- Korehi Location within Iran
- Coordinates: 30°01′59″N 53°43′04″E﻿ / ﻿30.03306°N 53.71778°E
- Country: Iran
- Province: Fars
- County: Sarchehan
- District: Central

Population (2016)
- • Total: 3,954
- Time zone: UTC+3:30 (IRST)

= Korehi =

City in Fars province, Iran

Korehi (کره‌ای) (Note: Also known as Chār Rāh, Katra, Katreh, Koreh, Korei, and Korreh) is a city in the Central District of Sarchehan County, Fars province, Iran, serving as capital of the county. It was the capital of the district until its capital was transferred to the city of Hesami.

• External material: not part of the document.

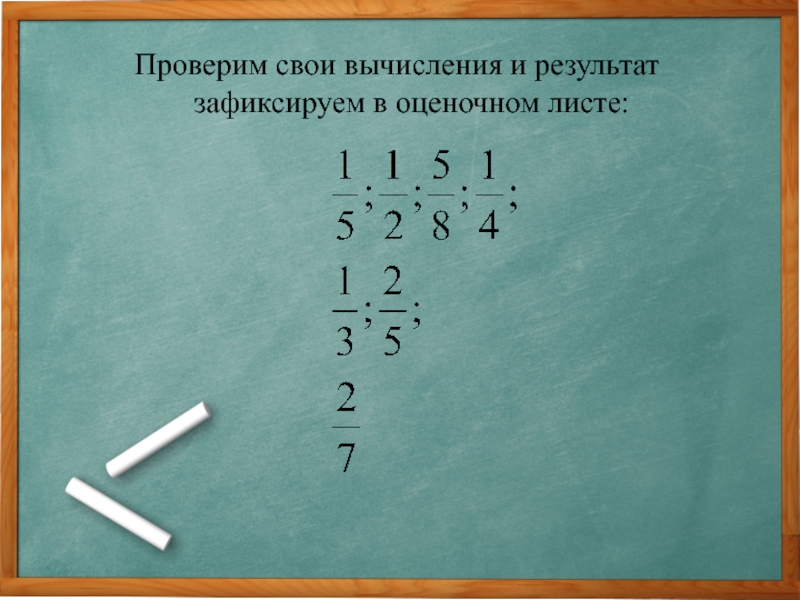 Слайд 4Проверим свои вычисления и результат зафиксируем в оценочном листе: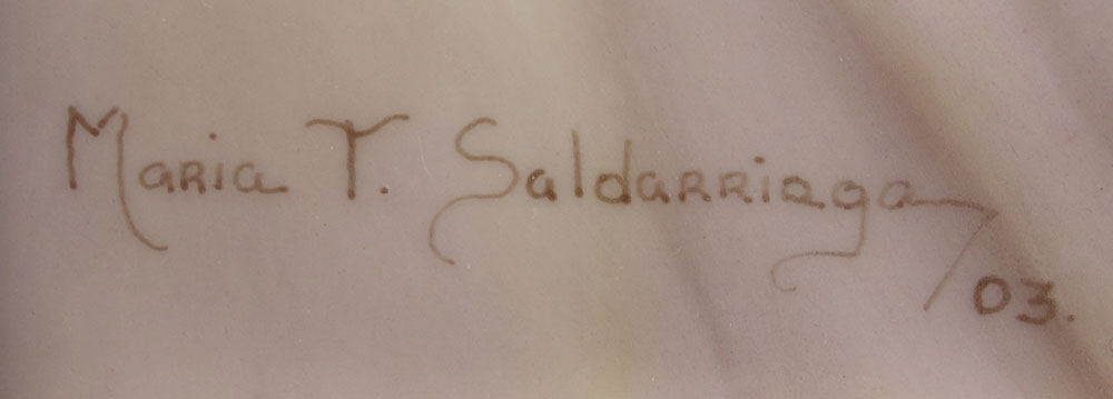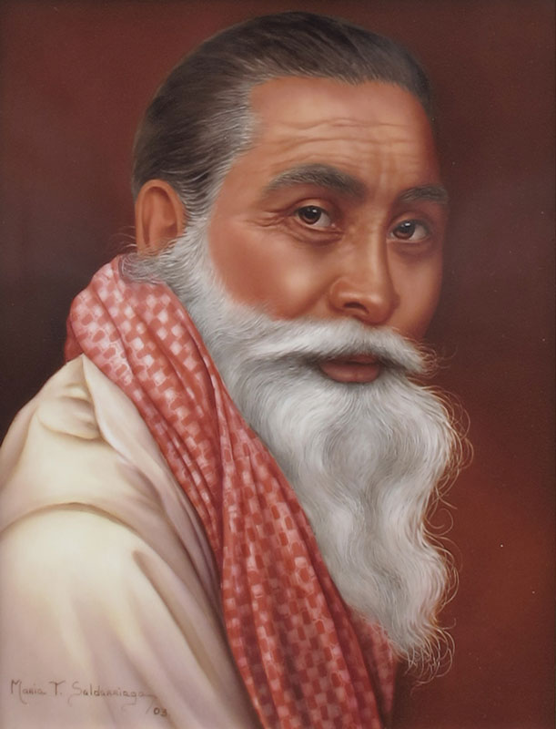 SALDARRIAGA, Maria, (American 20th C): White Bearded Man Possibly Hispanic, Painting on Porcelain, sight size 9 1/2'' x 7 1/4'', signed lower left, dated '03, sealed frame, 18'' x 16''.

As a village, Korehi was the capital of Sarchehan Rural District until its capital was transferred to the village of Siyahun.

==Demographics==
===Population===
At the time of the 2006 National Census, the city's population was 3,158 in 807 households, when it was capital of the former Sarchehan District of Bavanat County. The following census in 2011 counted 3,912 people in 1,027 households. The 2016 census measured the population of the city as 3,954 people in 1,259 households.

After the census, the district was separated from the county in the establishment of Sarchehan County, and Korehi was transferred to the new Central District as the county's capital.